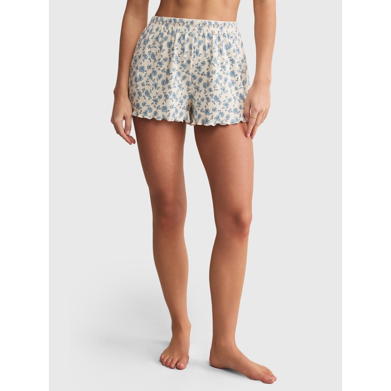 DESCRIPTION:A comfortable pajama short made from silky pointelle fabric with a blue ditsy floral print.FEATURES:Elastic WaistbandLettuce Edge HemInseam: 2.5 in.All-Over Novelty PrintPointelle Knit Fabric95% Polyester, 5% SpandexRelaxed Fit
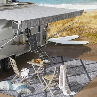 - Inspired by timeless Mediterranean patterns, this indoor-outdoor rug adds neutral gray tones to a kitchen, living room, bedroom or dining room. The dark gray trellis design is an easy maintenance solution for homes with kids and pets. Outdoors, this rug adds classic color and traditional pattern to your patio or porch.
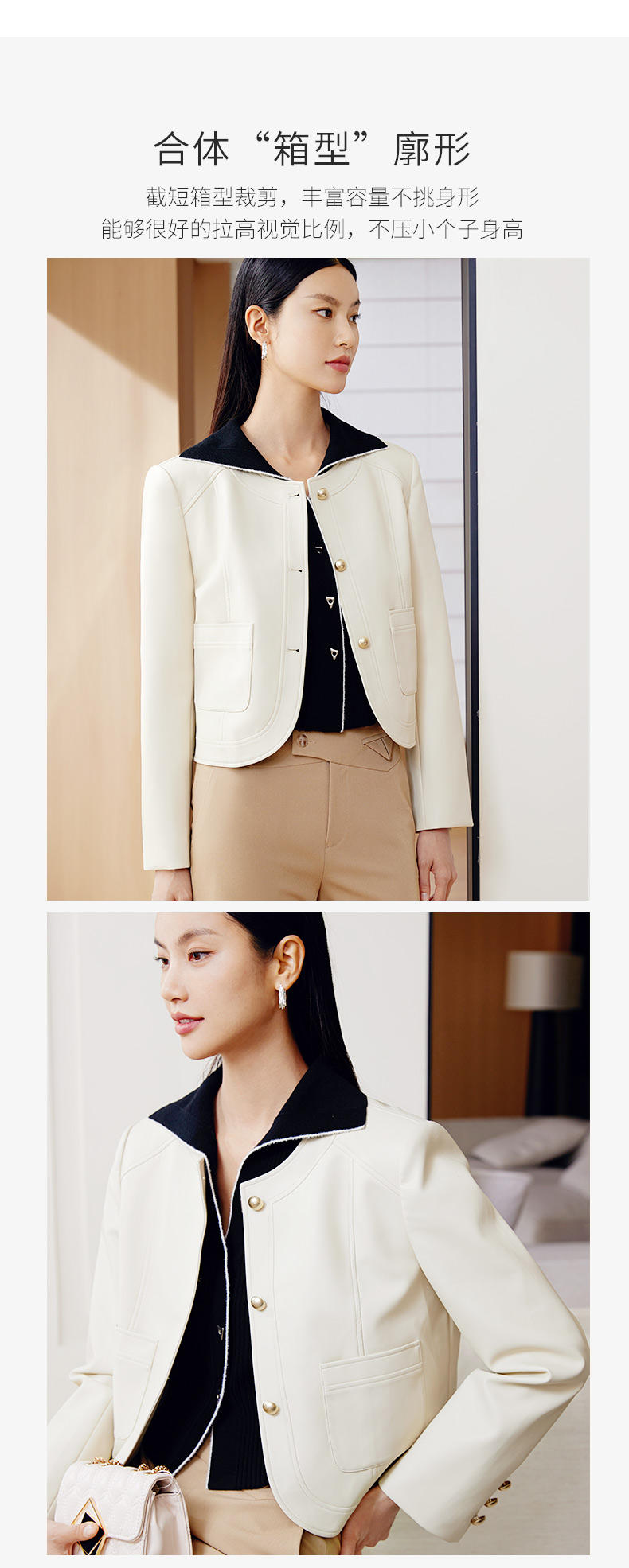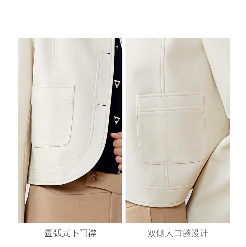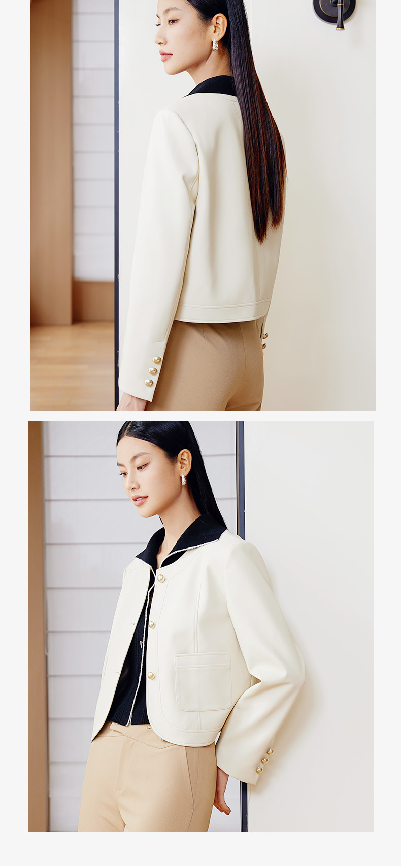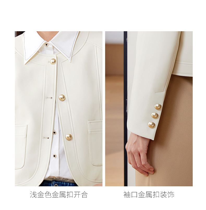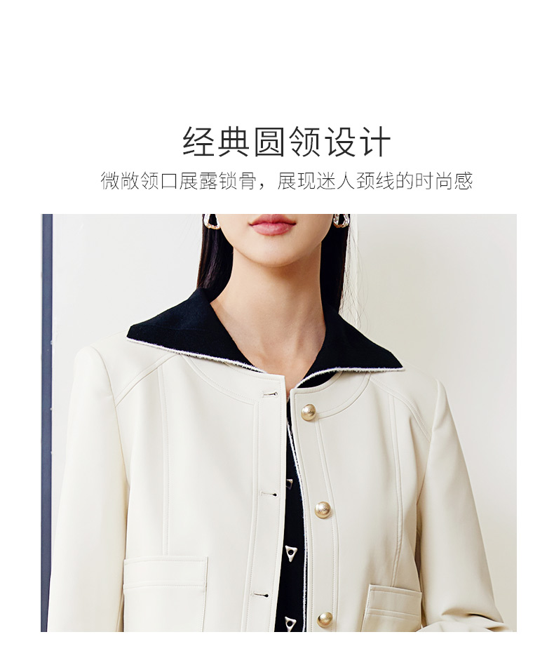 玳莎圆领高级感皮衣女2024年春季新款时尚职场通勤宽松PU皮短外套 EA37307
::::
» Your goal: The full listing must come back exactly as written, with its pictures left out.

» Result of the task:
 DESCRIPTION:A comfortable pajama short made from silky pointelle fabric with a blue ditsy floral print.FEATURES:Elastic WaistbandLettuce Edge HemInseam: 2.5 in.All-Over Novelty PrintPointelle Knit Fabric95% Polyester, 5% SpandexRelaxed Fit
 - Inspired by timeless Mediterranean patterns, this indoor-outdoor rug adds neutral gray tones to a kitchen, living room, bedroom or dining room. The dark gray trellis design is an easy maintenance solution for homes with kids and pets. Outdoors, this rug adds classic color and traditional pattern to your patio or porch.
 玳莎圆领高级感皮衣女2024年春季新款时尚职场通勤宽松PU皮短外套 EA37307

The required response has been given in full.